• Problem to solve:
The answer must be the full listing, reproduced word for word.

Content starts

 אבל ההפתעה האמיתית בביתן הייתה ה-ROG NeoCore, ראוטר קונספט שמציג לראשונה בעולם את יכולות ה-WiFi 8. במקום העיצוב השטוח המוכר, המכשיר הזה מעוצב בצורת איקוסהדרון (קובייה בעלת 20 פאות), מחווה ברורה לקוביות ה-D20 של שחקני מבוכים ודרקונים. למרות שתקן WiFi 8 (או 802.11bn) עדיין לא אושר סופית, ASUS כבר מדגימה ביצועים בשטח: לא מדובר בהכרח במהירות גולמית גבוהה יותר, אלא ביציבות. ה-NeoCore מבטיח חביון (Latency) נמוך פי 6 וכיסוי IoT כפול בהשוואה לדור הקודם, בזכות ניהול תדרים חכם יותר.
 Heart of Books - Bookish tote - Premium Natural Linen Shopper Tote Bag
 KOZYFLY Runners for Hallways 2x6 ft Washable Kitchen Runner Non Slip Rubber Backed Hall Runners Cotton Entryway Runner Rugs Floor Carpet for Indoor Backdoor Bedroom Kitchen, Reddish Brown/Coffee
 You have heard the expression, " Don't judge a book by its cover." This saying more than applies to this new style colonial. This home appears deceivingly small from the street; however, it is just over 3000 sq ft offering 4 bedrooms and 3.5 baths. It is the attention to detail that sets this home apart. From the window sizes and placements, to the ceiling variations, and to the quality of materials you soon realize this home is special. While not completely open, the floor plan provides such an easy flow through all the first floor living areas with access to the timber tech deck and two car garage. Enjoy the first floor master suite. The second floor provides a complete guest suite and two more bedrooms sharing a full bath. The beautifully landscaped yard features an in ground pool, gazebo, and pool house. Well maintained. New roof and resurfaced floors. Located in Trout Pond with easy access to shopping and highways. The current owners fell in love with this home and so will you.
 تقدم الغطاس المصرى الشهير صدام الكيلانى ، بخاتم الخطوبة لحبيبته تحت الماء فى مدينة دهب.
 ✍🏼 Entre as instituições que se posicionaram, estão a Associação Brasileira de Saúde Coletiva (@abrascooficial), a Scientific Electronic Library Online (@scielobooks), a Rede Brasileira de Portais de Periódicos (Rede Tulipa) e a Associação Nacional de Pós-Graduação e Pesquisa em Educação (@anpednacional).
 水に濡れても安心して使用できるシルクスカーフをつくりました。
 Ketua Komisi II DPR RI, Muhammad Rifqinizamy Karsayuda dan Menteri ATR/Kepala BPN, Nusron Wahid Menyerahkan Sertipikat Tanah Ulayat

Content ends

• Exercise answer:
 אבל ההפתעה האמיתית בביתן הייתה ה-ROG NeoCore, ראוטר קונספט שמציג לראשונה בעולם את יכולות ה-WiFi 8. במקום העיצוב השטוח המוכר, המכשיר הזה מעוצב בצורת איקוסהדרון (קובייה בעלת 20 פאות), מחווה ברורה לקוביות ה-D20 של שחקני מבוכים ודרקונים. למרות שתקן WiFi 8 (או 802.11bn) עדיין לא אושר סופית, ASUS כבר מדגימה ביצועים בשטח: לא מדובר בהכרח במהירות גולמית גבוהה יותר, אלא ביציבות. ה-NeoCore מבטיח חביון (Latency) נמוך פי 6 וכיסוי IoT כפול בהשוואה לדור הקודם, בזכות ניהול תדרים חכם יותר.
 Heart of Books - Bookish tote - Premium Natural Linen Shopper Tote Bag
 KOZYFLY Runners for Hallways 2x6 ft Washable Kitchen Runner Non Slip Rubber Backed Hall Runners Cotton Entryway Runner Rugs Floor Carpet for Indoor Backdoor Bedroom Kitchen, Reddish Brown/Coffee
 You have heard the expression, " Don't judge a book by its cover." This saying more than applies to this new style colonial. This home appears deceivingly small from the street; however, it is just over 3000 sq ft offering 4 bedrooms and 3.5 baths. It is the attention to detail that sets this home apart. From the window sizes and placements, to the ceiling variations, and to the quality of materials you soon realize this home is special. While not completely open, the floor plan provides such an easy flow through all the first floor living areas with access to the timber tech deck and two car garage. Enjoy the first floor master suite. The second floor provides a complete guest suite and two more bedrooms sharing a full bath. The beautifully landscaped yard features an in ground pool, gazebo, and pool house. Well maintained. New roof and resurfaced floors. Located in Trout Pond with easy access to shopping and highways. The current owners fell in love with this home and so will you.
 تقدم الغطاس المصرى الشهير صدام الكيلانى ، بخاتم الخطوبة لحبيبته تحت الماء فى مدينة دهب.
 ✍🏼 Entre as instituições que se posicionaram, estão a Associação Brasileira de Saúde Coletiva (@abrascooficial), a Scientific Electronic Library Online (@scielobooks), a Rede Brasileira de Portais de Periódicos (Rede Tulipa) e a Associação Nacional de Pós-Graduação e Pesquisa em Educação (@anpednacional).
 水に濡れても安心して使用できるシルクスカーフをつくりました。
 Ketua Komisi II DPR RI, Muhammad Rifqinizamy Karsayuda dan Menteri ATR/Kepala BPN, Nusron Wahid Menyerahkan Sertipikat Tanah Ulayat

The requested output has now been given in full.